**Description of the task**
Here the job is to transcribe the data verbatim while leaving each picture out.

**Supplied material**

----

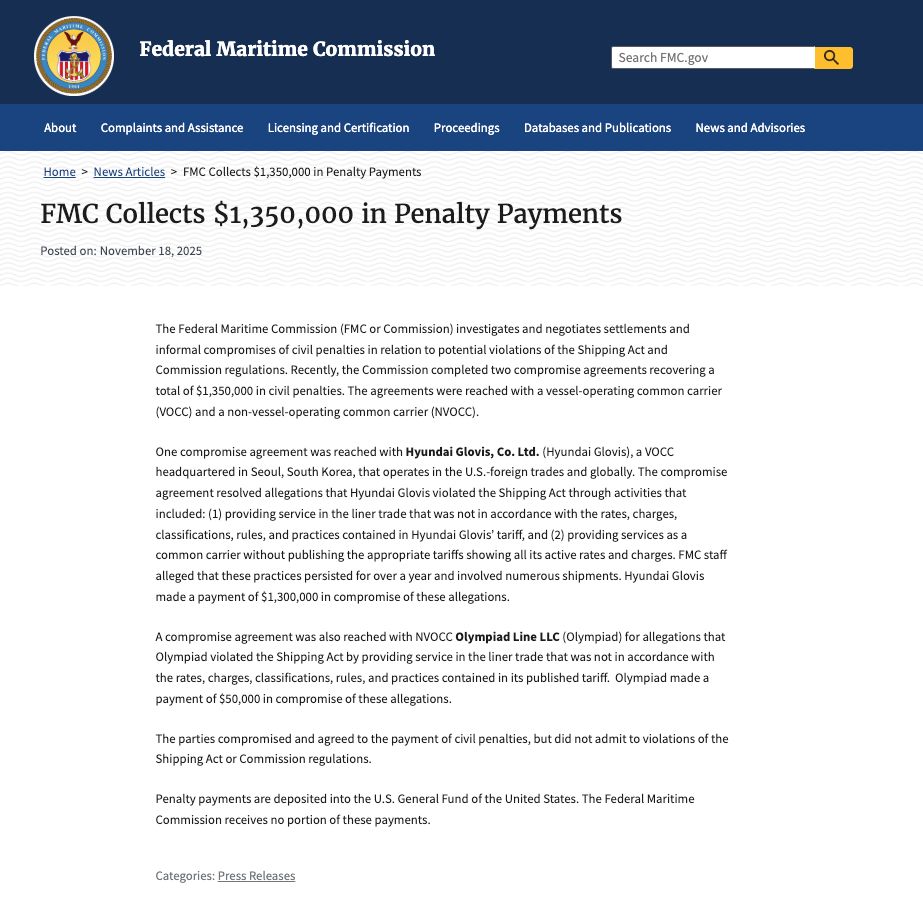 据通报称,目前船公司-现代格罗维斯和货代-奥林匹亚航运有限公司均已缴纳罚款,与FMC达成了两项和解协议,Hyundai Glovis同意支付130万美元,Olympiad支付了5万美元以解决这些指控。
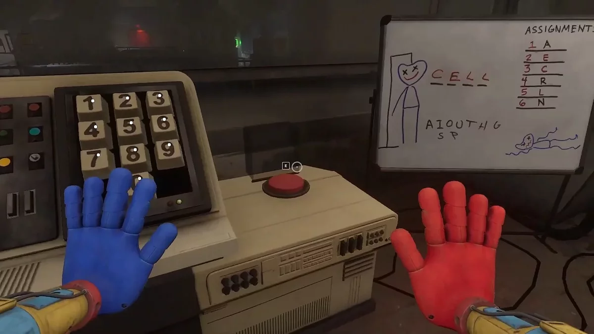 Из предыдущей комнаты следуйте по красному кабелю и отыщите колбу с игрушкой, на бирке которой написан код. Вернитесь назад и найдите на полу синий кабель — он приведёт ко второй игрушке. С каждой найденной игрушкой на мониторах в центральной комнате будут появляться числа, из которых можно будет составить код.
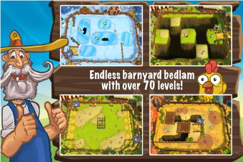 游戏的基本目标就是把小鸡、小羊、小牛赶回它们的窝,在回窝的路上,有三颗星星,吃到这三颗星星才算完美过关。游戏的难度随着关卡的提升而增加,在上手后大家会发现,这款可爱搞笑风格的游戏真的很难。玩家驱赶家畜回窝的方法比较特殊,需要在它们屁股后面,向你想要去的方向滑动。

----

**Exercise output**
 据通报称,目前船公司-现代格罗维斯和货代-奥林匹亚航运有限公司均已缴纳罚款,与FMC达成了两项和解协议,Hyundai Glovis同意支付130万美元,Olympiad支付了5万美元以解决这些指控。
 Из предыдущей комнаты следуйте по красному кабелю и отыщите колбу с игрушкой, на бирке которой написан код. Вернитесь назад и найдите на полу синий кабель — он приведёт ко второй игрушке. С каждой найденной игрушкой на мониторах в центральной комнате будут появляться числа, из которых можно будет составить код.
 游戏的基本目标就是把小鸡、小羊、小牛赶回它们的窝,在回窝的路上,有三颗星星,吃到这三颗星星才算完美过关。游戏的难度随着关卡的提升而增加,在上手后大家会发现,这款可爱搞笑风格的游戏真的很难。玩家驱赶家畜回窝的方法比较特殊,需要在它们屁股后面,向你想要去的方向滑动。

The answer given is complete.